[Mlir-commits] [mlir] 6288345 - [mlir][linalg] makeTiledShape: No affine.min if tile size == 1
Matthias Springer
llvmlistbot at llvm.org
Mon Sep 13 19:10:41 PDT 2021
Author: Matthias Springer
Date: 2021-09-14T10:48:20+09:00
New Revision: 62883459cdb8c151909bc34e8f71e118f3d3a4ce
URL: https://github.com/llvm/llvm-project/commit/62883459cdb8c151909bc34e8f71e118f3d3a4ce
DIFF: https://github.com/llvm/llvm-project/commit/62883459cdb8c151909bc34e8f71e118f3d3a4ce.diff
LOG: [mlir][linalg] makeTiledShape: No affine.min if tile size == 1
This improves codegen (more static type information) with `scalarize-dynamic-dims`.
Differential Revision: https://reviews.llvm.org/D109415
Added:
Modified:
mlir/lib/Dialect/Linalg/Utils/Utils.cpp
mlir/test/Dialect/Linalg/fusion-sequence.mlir
mlir/test/Dialect/Linalg/tile-scalarize-dynamic-dims.mlir
mlir/test/Dialect/Linalg/transform-patterns-matmul-to-vector.mlir
Removed:
################################################################################
diff --git a/mlir/lib/Dialect/Linalg/Utils/Utils.cpp b/mlir/lib/Dialect/Linalg/Utils/Utils.cpp
index 3317a38ed026e..1305cfdf464a4 100644
--- a/mlir/lib/Dialect/Linalg/Utils/Utils.cpp
+++ b/mlir/lib/Dialect/Linalg/Utils/Utils.cpp
@@ -519,6 +519,15 @@ void GenerateLoopNest<scf::ParallelOp>::doit(
assert(ivs.size() == iteratorTypes.size() && "did not generate enough loops");
}
+static Value fullyComposeAndAffineApply(OpBuilder &b, Location loc,
+ AffineExpr expr, ValueRange operands) {
+ AffineMap map = AffineMap::inferFromExprList({expr}).front();
+ SmallVector<Value> normalizedOperands(operands.begin(), operands.end());
+ mlir::fullyComposeAffineMapAndOperands(&map, &normalizedOperands);
+ canonicalizeMapAndOperands(&map, &normalizedOperands);
+ return b.createOrFold<AffineApplyOp>(loc, map, normalizedOperands);
+}
+
Value makeTiledShape(OpBuilder &builder, Location loc, Value valueToTile,
ValueRange tileSizes, AffineMap map, ValueRange lbs,
ValueRange ubs, ValueRange subShapeSizes) {
@@ -554,16 +563,21 @@ Value makeTiledShape(OpBuilder &builder, Location loc, Value valueToTile,
applyMapToValues(builder, loc, m, subShapeSizes).front();
// Resulting size needs to be made half open interval again.
AffineExpr s0 = getAffineSymbolExpr(0, builder.getContext());
- Value size = makeComposedAffineApply(builder, loc, s0 + 1, closedIntSize);
+ Value size =
+ fullyComposeAndAffineApply(builder, loc, s0 + 1, closedIntSize);
LLVM_DEBUG(llvm::dbgs() << "makeTiledShape: raw size: " << size << "\n");
// The size of the subview / extract_slice should be trimmed to avoid
- // out-of-bounds accesses, unless we statically know the subshape size
- // divides the shape size evenly.
+ // out-of-bounds accesses, unless:
+ // a.
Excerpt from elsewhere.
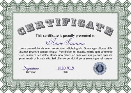 Diploma. Cordial design. With guilloche pattern and background. Vector certificate template.

We statically know the subshape size divides the shape size evenly.
+ // b. The subshape size is 1. According to the way the loops are set up,
+ // tensors with "0" dimensions would never be constructed.
int64_t shapeSize = shape[r];
auto sizeCst = size.getDefiningOp<ConstantIndexOp>();
- if (ShapedType::isDynamic(shapeSize) || !sizeCst ||
- (shapeSize % sizeCst.getValue()) != 0) {
+ auto hasTileSizeOne = sizeCst && sizeCst.getValue() == 1;
+ auto dividesEvenly = sizeCst && !ShapedType::isDynamic(shapeSize) &&
+ ((shapeSize % sizeCst.getValue()) == 0);
+ if (!hasTileSizeOne && !dividesEvenly) {
LLVM_DEBUG(llvm::dbgs() << "makeTiledShape: shapeSize=" << shapeSize
<< ", size: " << size
<< ": make sure in bound with affine.min\n");
@@ -577,6 +591,7 @@ Value makeTiledShape(OpBuilder &builder, Location loc, Value valueToTile,
Value d = applyMapToValues(builder, loc, m, ubs).front();
SmallVector<Value, 4> operands{size, d, offset};
fullyComposeAffineMapAndOperands(&minMap, &operands);
+ canonicalizeMapAndOperands(&minMap, &operands);
size = builder.create<AffineMinOp>(loc, builder.getIndexType(), minMap,
operands);
}
@@ -623,7 +638,7 @@ SmallVector<Value> computeTileSizes(OpBuilder &b, Location loc, ValueRange ivs,
// Before composing, we need to make range a closed interval.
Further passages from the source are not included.